頼光が探しに行こうとした時、声が掛かる。

 

「豊穣君、常闇君。僕達と組んでくれない?」

 

声のする方を、頼光と常闇は向きその人物を見る。その人物の顔を見て頼光は口角を吊り上げ

 

「ああ、良いぜ!こっちも人手が足りなかった所だ。なぁ、良いだろ?常闇ちゃん」

 

「ああ、異論は無い」

 

「んじゃあ役割キメようか……なぁ、緑谷、麗日、常闇」

 

四人が顔を合わせ話し始める。1000万ポイントをどう守るか、どう騎馬戦を乗り切るかを

 

「前馬は常闇くんがいいと思う。僕と豊穣君が騎馬になると、出来ることが限られてしまう。でも、常闇君の黒影なら、騎馬をしていても自在に個性を使える」

 

「フッ……面白い。俺の個性に攻撃不要とは、この中じゃ特殊な選択だぞ。俺を使ってみろ、託すぞ緑谷」

 

「緑谷の個性は俺は知ってる。その上で俺が騎手をさせて貰うぜ?俺なら中距離攻撃もあるし、騎手にうってつけだと思うぜ」

 

雷撃、溶断ブレード、様々な手札は頼光にはある。まだ、出していない技ももちろん存在している。得意なのは近距離戦だが、中距離の差し合いの技もある。

 

「うん、豊穣君に騎手を任せるよ。じゃあ僕と麗日さんは騎馬をする。麗日さんは、騎馬をしながら、豊穣君を軽く浮かせることをお願いしたいんだけど行ける?」

 

「大丈夫!任せておいて!」

 

おおよその立ち回りが決まり出す。主に常闇の黒影が防御をしてくれているあいだは頼光は警戒し、常闇の黒影が弱まれば、頼光が近中距離で個性を使い出すというものだ。黒影の弱点が光である以上同時に使う事は避けたい。だが、騎手の近中距離の攻撃が出来る手段を減らすのは得策とは言えない。

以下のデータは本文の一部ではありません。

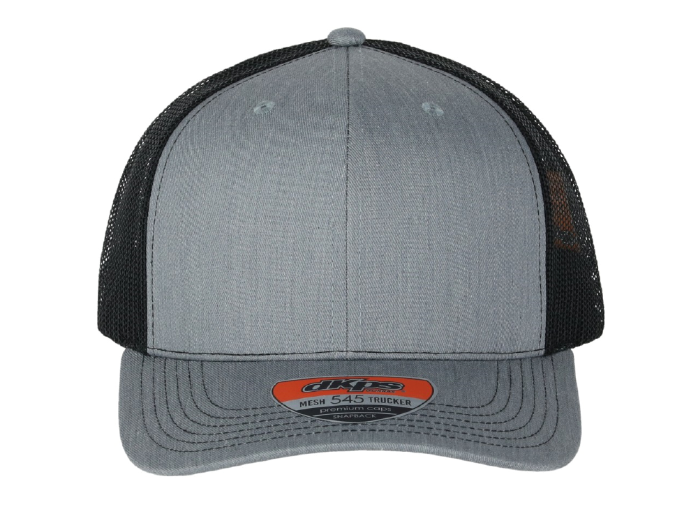 DKPS #545 GORRA MESH JASPE CLARO/NEGRO, ALG 50% POL 50%, MALLA PREMIUM 6 GAJOS, AJUSTE PLASTICO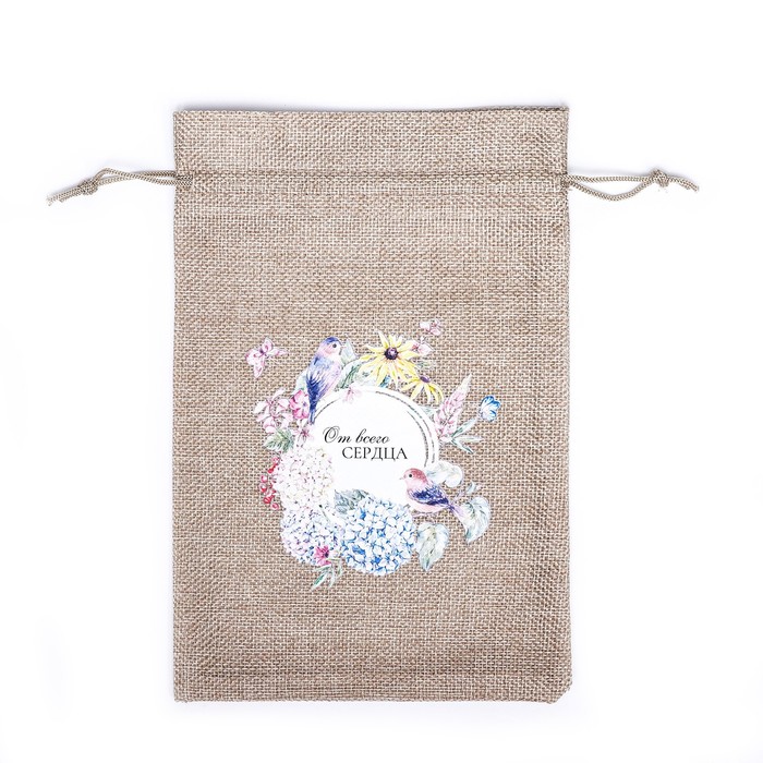 Мешок подарочный с термонаклейкой «От всего сердца» 15.5×24 см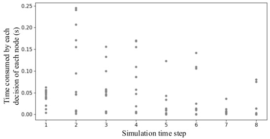 We have counted the decision-making time consumption of each reconnaissance UAV in steps 1–8 during the optimization of reconnaissance task allocation, because all UAVs have confirmed their tasks at the end of the 8th simulation step. The results are shown in Figure 7, and it can be found that the time consumed by each decision of each UAV is less than 0.25 s. Without considering the communication delay, if the maximum decision time of each step is taken as the cycle of this round of iteration, the total time of 8 simulation steps is 1.02 s. From the time-consumption distribution, it can also be found that the first step of decision-making only consumes a little time, while the second step of decision-making takes the most time, and then decreases gradually. This is because before the first decision, there is no communication between nodes, and each node makes decisions independently. The second decision is made after exchanging the results of the first round, and at this time, each node is performing conflict resolution on multiple collected plans, so it takes a lot of time. After the second step, the conflict between plans is gradually resolved, so the decision-making time is also shortened and the final task-allocation plan is formed. The optimization results are shown in Table 6, and from the global perspective, its fitness is 27.48 using Equation (9).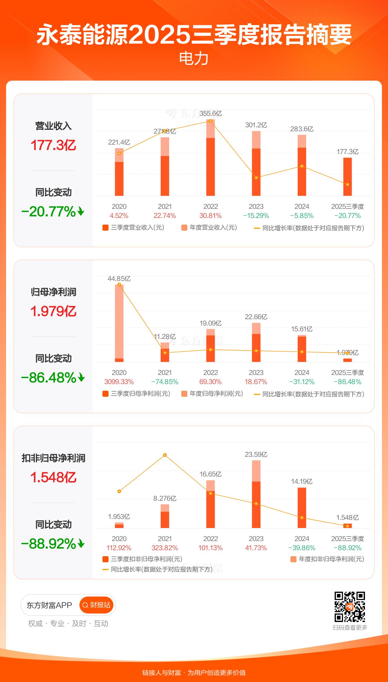 永泰能源10月30日发布2025年三季报显示,公司前三季实现营业收入177.28亿元,同比下滑20.77%;归母净利润1.98亿元,同比下滑86.48%;扣非归母净利润1.55亿元,同比下滑88.92%。
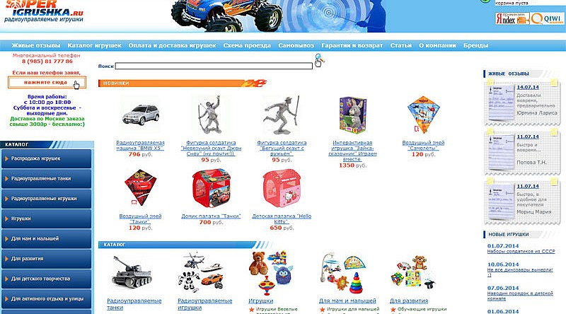 Интернет-магазин Супер игрушка - продажа радиоуправляемых моделейСамописный 2008Теги: seo, автоматизация обработки заказов, генерация ЧПУ, загрузка прайсов поставщиков, оформление заказа, поиск по сайту, редактор контента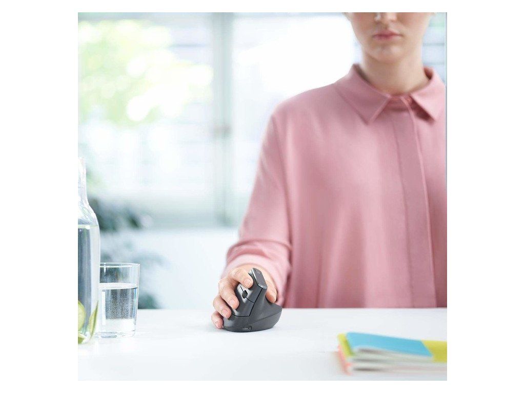 Prirodzená poloha podania ruky myši MX Vertical znižuje svalové napätie o 10 percent a umožňuje usadenie do ergonomickejšia polohy.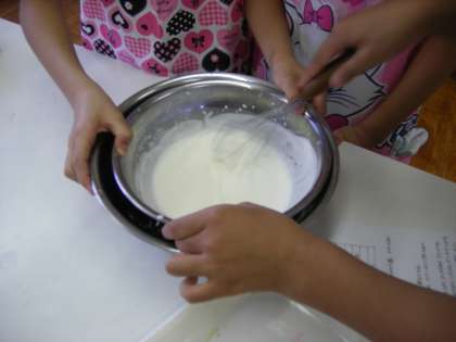 毎回、色々な料理に挑戦しています。この日は、夏らしい“紅茶ムース”。白い生クリームと薄茶色の紅茶クリームのの2層になるように工夫しました。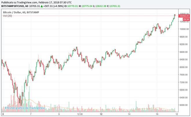Sembrerebbe quindi che il livello psicologico dei 10 mila dollari non sia stato un ostacolo ma il trampolino di lancio, che la criptovaluta numero uno al mondo sta sfruttando per continuare a salire.

だから、この四人の中では頼光が騎手に一番適しているということだ。

 

「じゃあ、いっちょやりますか!」

 

そしてプレゼントマイクのカウントダウンが始まる。

 

『よぉーし!組み終わったな!!?準備はいいか聞かねえぞ!!行くぜ!!残虐バトルロイヤルカウントダウン!!3!!2!!1!!START!!』

 

豊穣チーム

緑谷 205P

麗日 130P

常闇 175P

豊穣 1000万P

 

今、次に進むためのチーム戦が始まる!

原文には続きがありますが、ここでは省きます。